SUPPLIED INFORMATION →
=-=-=
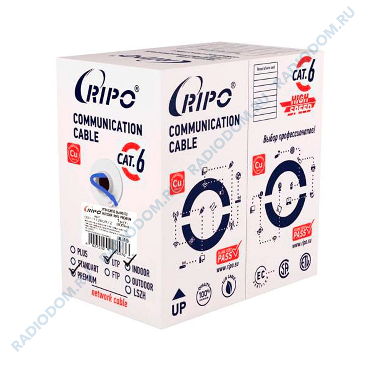 Кабель Ripo Premium UTP 4 пары (КСВПВ -6 4*2*0.58), Кат.6 (Класс E), 23AWG, 100МГц, одножильный, жила 0,58мм, BC (чистая медь), внутренний, PVC нг(B), синий, Fluke test - pass, 305м, Гарантия - 26 лет.
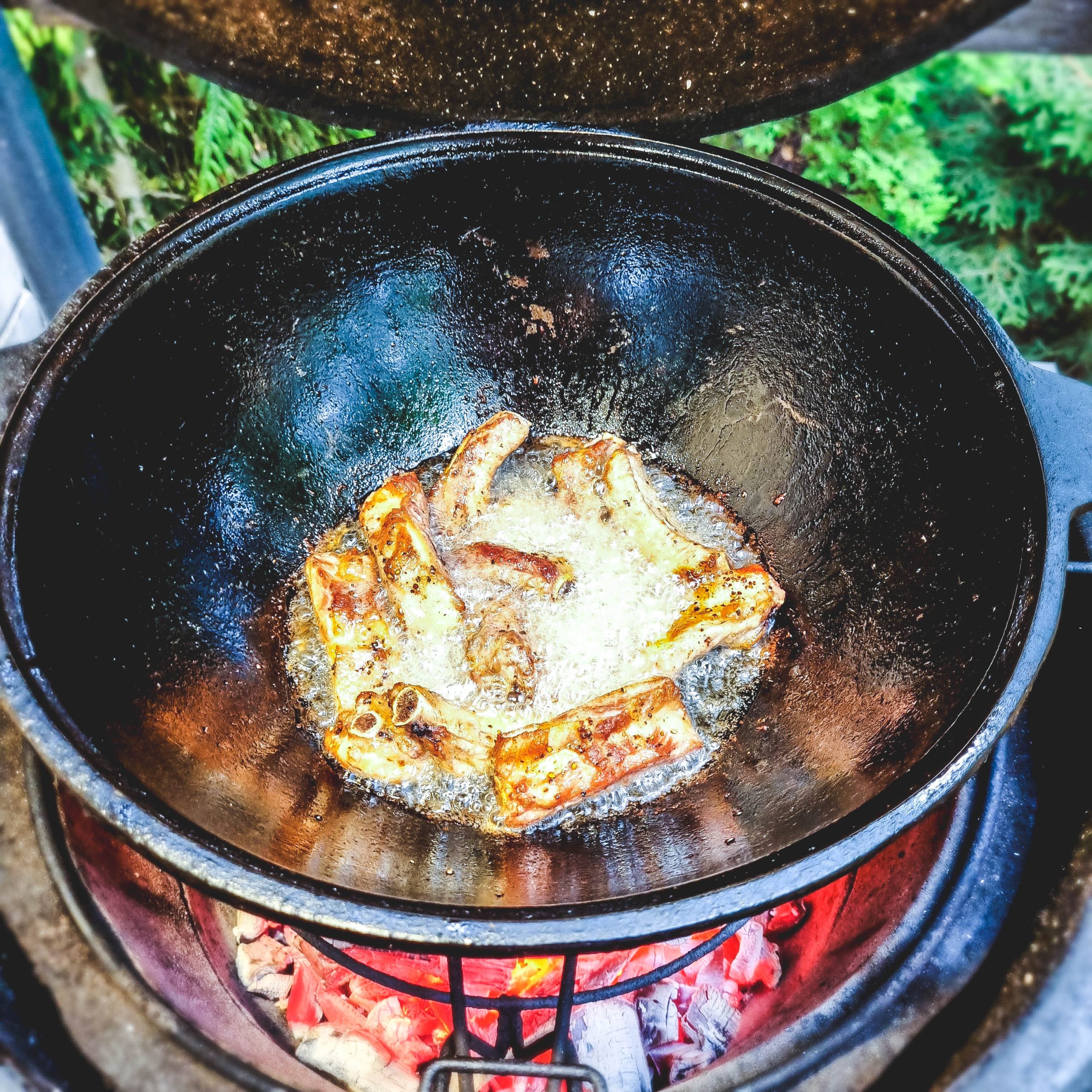 Dalimis, kad neatšaltų aliejus apkepam šonkaulius. Traukiam lauk ir atidedam į šalį.
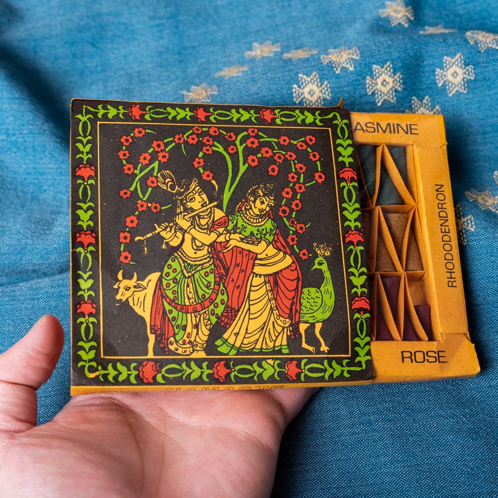 こちらは、ポピー、ジャスミン、パチュリ、ロードデンドロン(シャクナゲ)、サンダルウッド、ローズと6種類の香りが楽しめます。それぞれ6個ずつ入っているので、合計で36個入り!複数の香りが入っているので、一つで沢山の香りを楽しむことができるお香セットです。■英雄クリシュナ
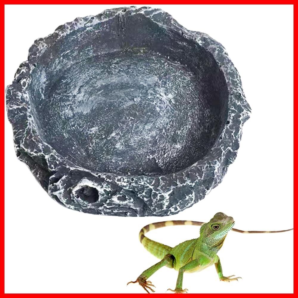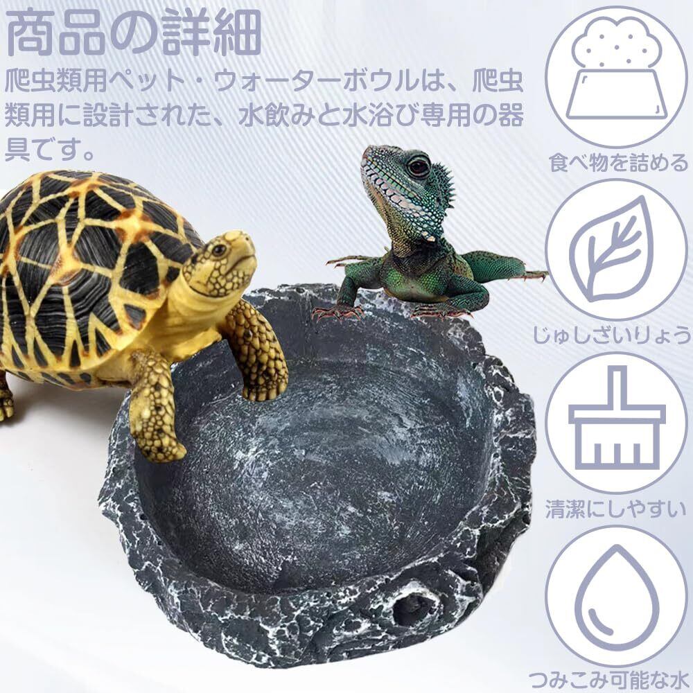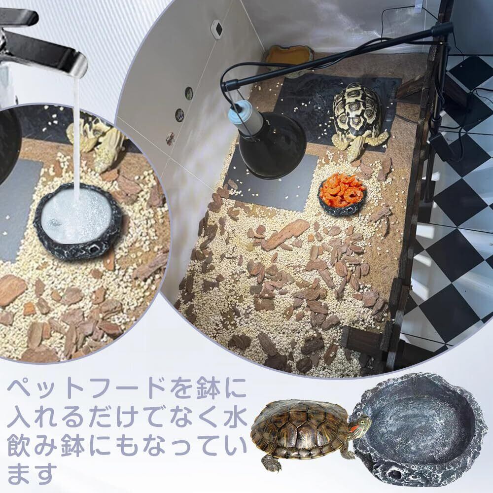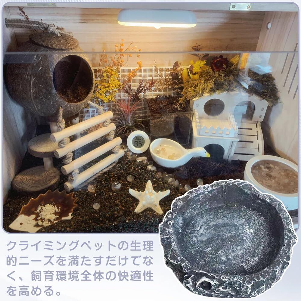 爬虫類の水皿のペット餌皿の餌ボール餌皿の自然な岩のイメージのペット餌セットカメのトカゲのカエルのハリネズミのヘビの爬虫類の避難所8*8*2cm灰色
=-=-=
TASK OBJECTIVE → Leaving out all pictures, transcribe the listing exactly.

TASK RESPONSE →
 Кабель Ripo Premium UTP 4 пары (КСВПВ -6 4*2*0.58), Кат.6 (Класс E), 23AWG, 100МГц, одножильный, жила 0,58мм, BC (чистая медь), внутренний, PVC нг(B), синий, Fluke test - pass, 305м, Гарантия - 26 лет.
 Dalimis, kad neatšaltų aliejus apkepam šonkaulius. Traukiam lauk ir atidedam į šalį.
 こちらは、ポピー、ジャスミン、パチュリ、ロードデンドロン(シャクナゲ)、サンダルウッド、ローズと6種類の香りが楽しめます。それぞれ6個ずつ入っているので、合計で36個入り!複数の香りが入っているので、一つで沢山の香りを楽しむことができるお香セットです。■英雄クリシュナ
 爬虫類の水皿のペット餌皿の餌ボール餌皿の自然な岩のイメージのペット餌セットカメのトカゲのカエルのハリネズミのヘビの爬虫類の避難所8*8*2cm灰色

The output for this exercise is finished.